Not a book for young children but it’s brimming over with potential if offered to older audiences including students of literature and art.

Mum’s Jumper

Mum’s Jumper
Jayde Perkin
Book Island

This is a book that explores the nature of grief.

A mother dies but for the child narrator and her dad, life must go on.
Her mother’s absence feels like a dark cloud that is always hovering close by, and makes concentration at school difficult. No matter how kind other people are, the overwhelming feeling is of being alone, angry even, at times.
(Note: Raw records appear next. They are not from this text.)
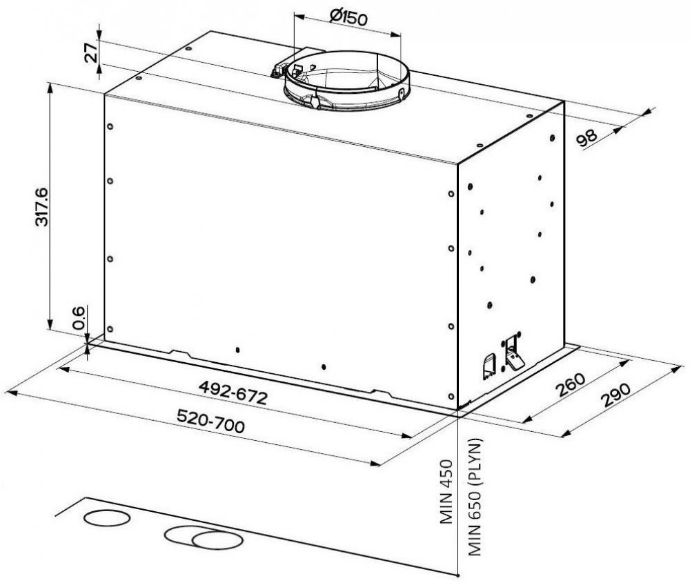 Lze ji také propojit s externím motorem na fasádu MISTRAL. V těchto případech jsou technické parametry digestoře shodné s parametry vybrané externí ventilační jednotky.
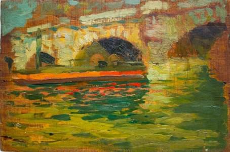 Le pont, huile sur panneau, 16x24 cm (recto verso)
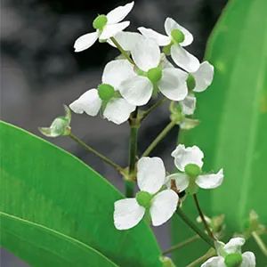Deze Amerikaanse pijlkruidsoort groeit graag langs de waterrand en verdraagt wisselende waterstanden tot zelfs tijdelijke droogte. De plant ontwikkelt twee bladvormen, lijnvormige onderwaterbladeren en grote puntig-lepelvormige bladeren die boven water uitsteken. De plant vormt manlijke en vrouwelijke bloemen. De manlijke zijn tamelijk groot, wit en steken aan hoge stengels in kransen omhoog, de vrouwelijke zitten lager en zien eruit als vrij platte, groene aardbeien. Er zijn zeven ondersoorten bekend die onderling maar weinig verschillen. Voor liefst een plek in de zon en in natte grond tot ondiep water. Matig winterhard.

Her father explains that the constant ache she feels is the way grief engulfs a person who has lost someone very dear to them; he too feels it.
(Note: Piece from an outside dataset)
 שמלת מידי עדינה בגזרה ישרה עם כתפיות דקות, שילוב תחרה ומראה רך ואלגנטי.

While sorting out her mother’s belongings the girl comes upon a much-loved jumper. Along with her father’s words of solace, it’s adopting that snuggly warm garment that helps her begin to find a way through those dark days.

Grief, Dad says, ‘is like Mum’s jumper. The jumper stays the same size, but I will eventually grow into it.’

After some time, her world does enlarge around her grief and she feels able to put her treasured possession out of sight, safe in the knowledge that it, like her mother, will always be there; for she’s a part of everything and everywhere, and most important she’s there inside forever.

Grief is a very personal thing and Jayde Perkins’ illustrations for this book are heartfelt. (Her own mother died of cancer) and here she puts into her art (and words) some of the feelings that a young grieving child might have.

I’d like to see this ultimately uplifting book in every primary classroom; and I’d definitely offer it to anybody who has, or knows, a young child coping with the loss of a parent or close family member.

Emmett and Caleb

Emmett and Caleb
Karen Hottois and Delphine Renon
Book Island

Emmett and Caleb are neighbours and good friends. Despite having totally different morning rituals, they manage to spend much of their time together going for walks and enjoying nature.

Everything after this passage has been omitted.